Where things get confusing is that even though in the Schwarzschild coordinates black holes can never form this does not mean they don't exist. For example if you're standing on the surface of a collapsing star then in your rest frame not only does the black hole form in a finite time, but you will fall through the event horizon and to your fatal encounter with the singularity in a finite time. The Schwarzschild $t$ coordinate only covers your trajectory up to the formation of the horizon, but your trajectory carries on past the point where the Schwarzschild $t$ coordinate reaches infinity. But once again let me emphasise that this is just a failing of the Schwarzschild coordinate system. Time carries on for you as normal - it's just just that the Schwarzschild coordinates are not a good way to label time in those circumstances.
Best Answer
Indeed you made one mistake: the infalling observer does not see the outside universe "speed up". Look at what happens in a space-time diagram. At the spacetime point where your astronaut passes the horizon, he can only see what's in his past light cone, and that's the universe at early times only. It's the signals that he sends back (or tries to) that reach the outsine world only at infinite times.
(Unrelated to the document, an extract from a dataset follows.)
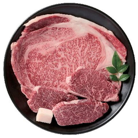 「近江牛 ステーキセット」 かつて将軍家にも献上された400年に及ぶ歴史を誇る近江牛。30~32ヶ月を目安に肥育された雌牛の肉質はきめ細かく、香りは芳醇、とろけるような風味が広がります。

Thus, the observing astronaut sees his black hole as it is long before any evaporation sets in, so his black hole is still there. Now leaving aside some other quantum issues, where opinions aren't completely settled and perhaps even our presently used language could be inapropriate, the observer just continues on, and in a finite amount of time, very quickly unless the black hole were more than millions of times heavier than the sun, he is killed by the central singularity.
In a black hole with high angular momentum (Kerr black hole), the singularity takes the form of a ring along the equator, and the astronaut might try to sail past it safely, and he would be able to enter into a strange new universe where he may or may not leave a negative mass black hole behind him, were it not that debris from other objects that fall in later will kill him before that happens, and while trying to pass a second horizon, he will be killed because that second horizon is unstable.